Top of SUPPLIED MATERIAL
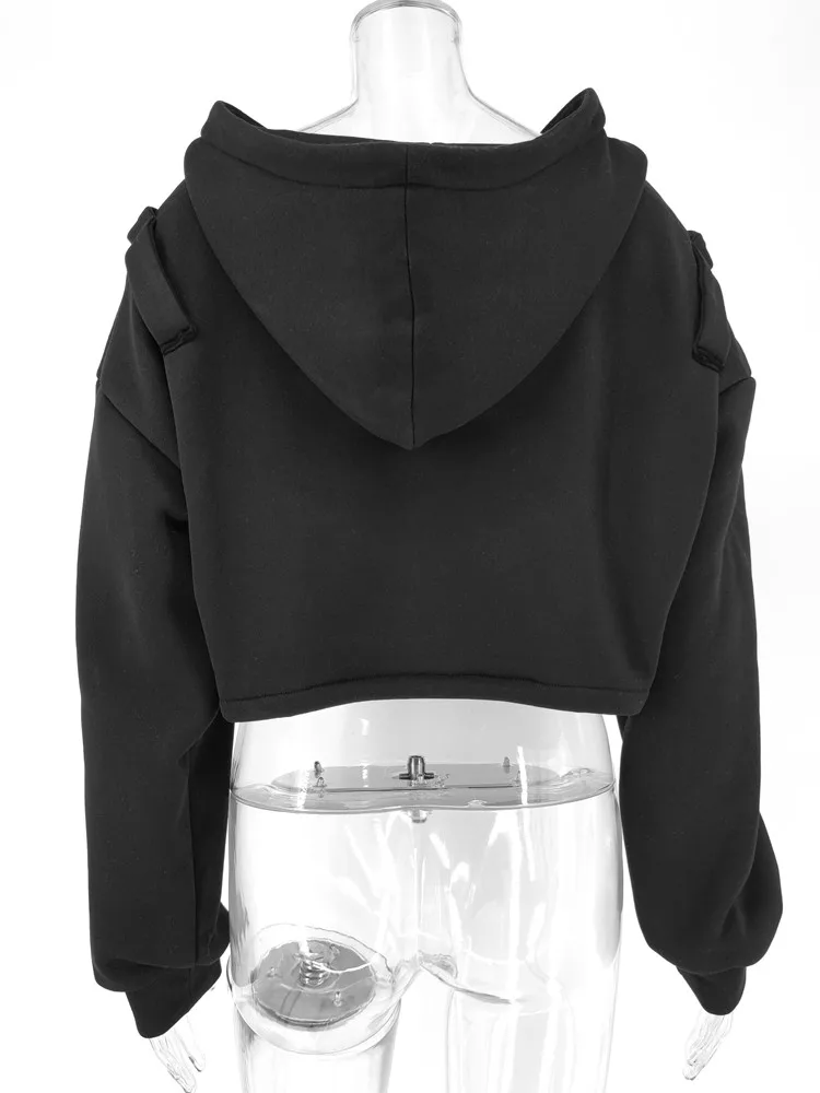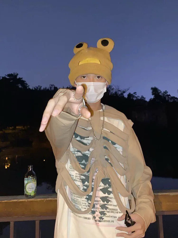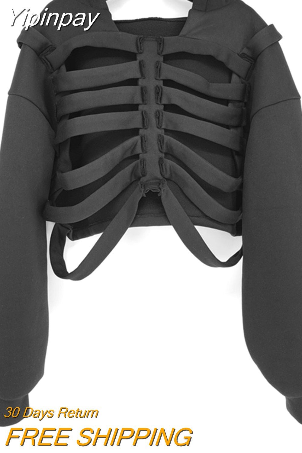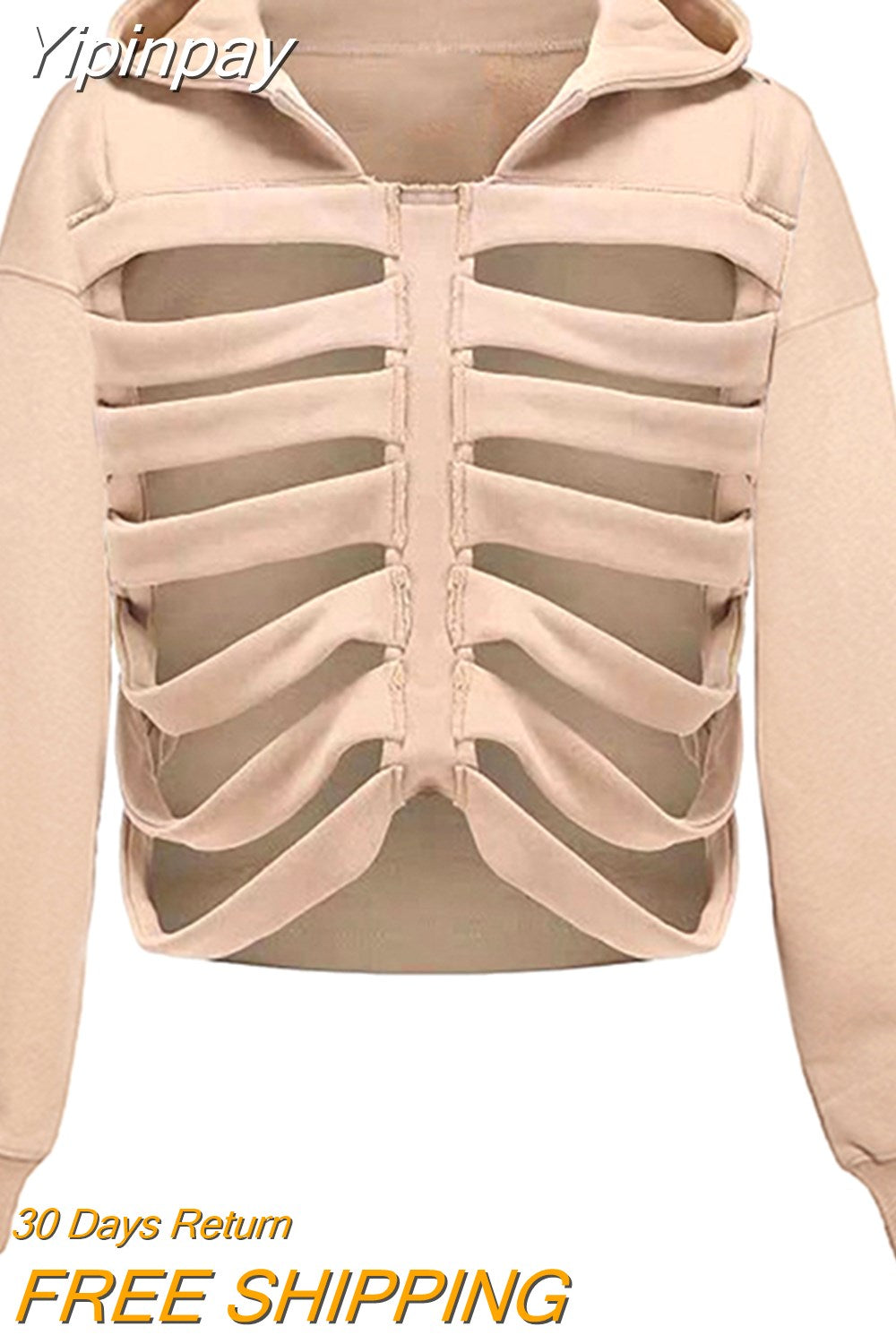 Yipinpay Women's Y2K Goth Cutout Zip-up Sweatshirt Grunge Long Sleeve Punk Harajuku Unisex Hooded Skeleton Hollow Pullovers
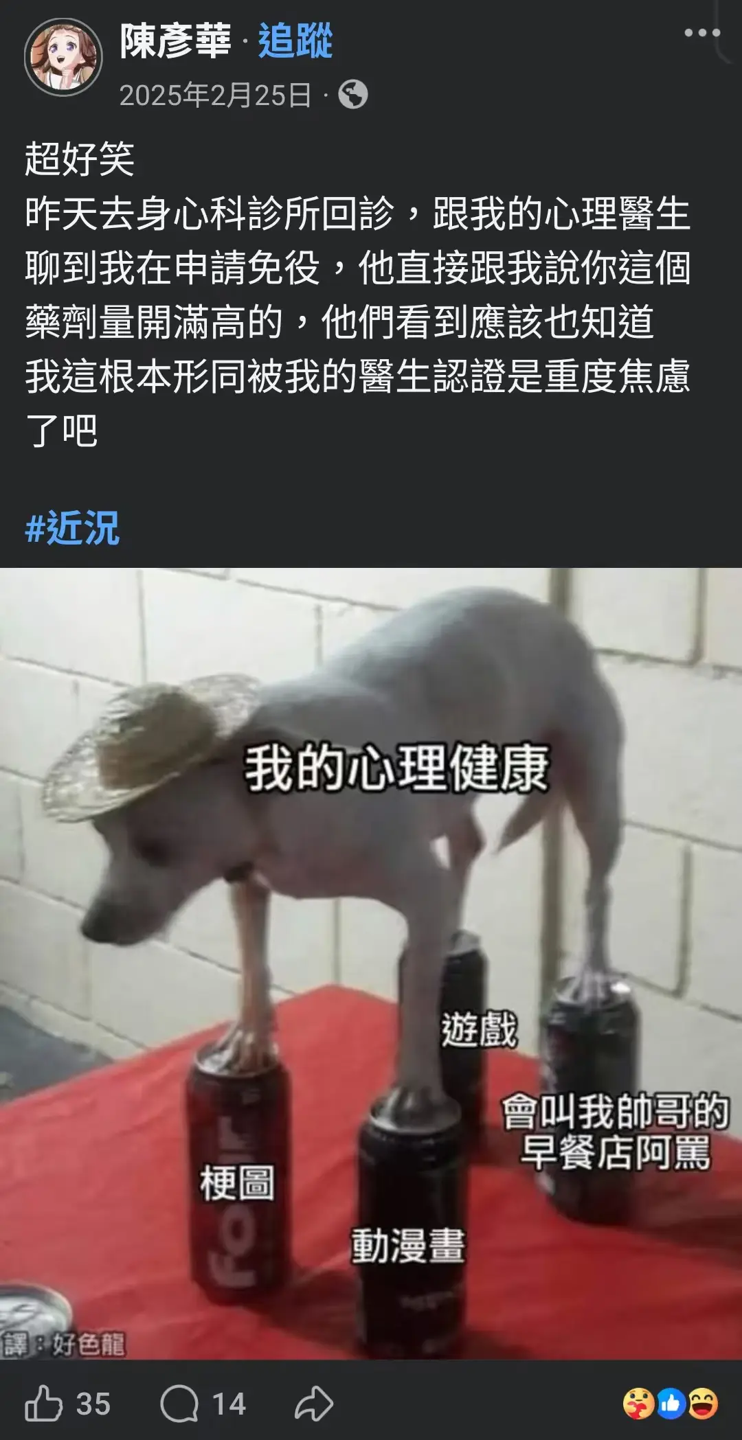 目前當事人好像在自嘲這件事
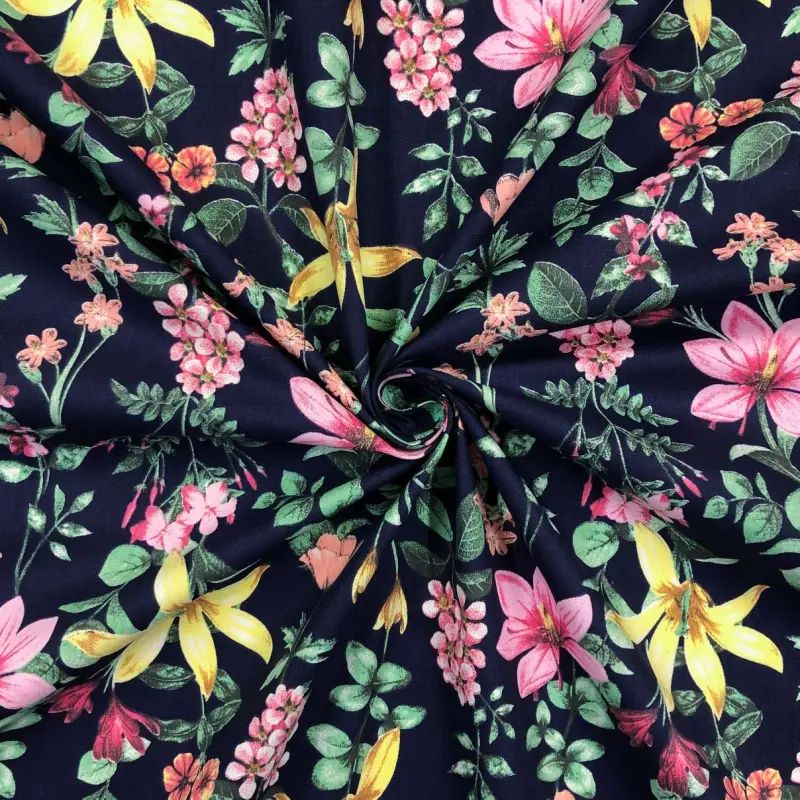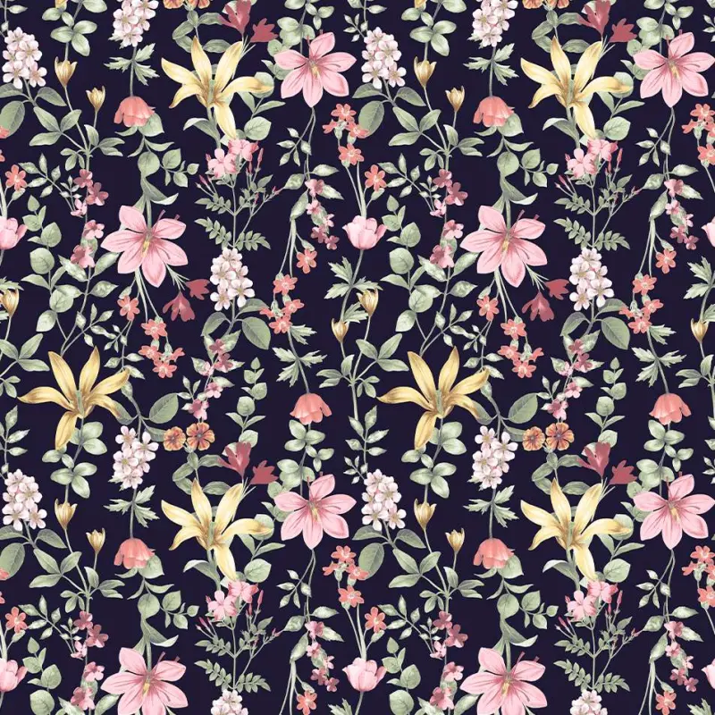 Tricoline Estampada - Ramos Flores Fundo Marinho - 100% Algodão - 1,50M Largura - Variante 1
Bottom of SUPPLIED MATERIAL
§ **ASSIGNED TASK**: Pictures are to be excluded; all other material must be transcribed exactly.

§ **OUTPUT**:
 Yipinpay Women's Y2K Goth Cutout Zip-up Sweatshirt Grunge Long Sleeve Punk Harajuku Unisex Hooded Skeleton Hollow Pullovers
 目前當事人好像在自嘲這件事
 Tricoline Estampada - Ramos Flores Fundo Marinho - 100% Algodão - 1,50M Largura - Variante 1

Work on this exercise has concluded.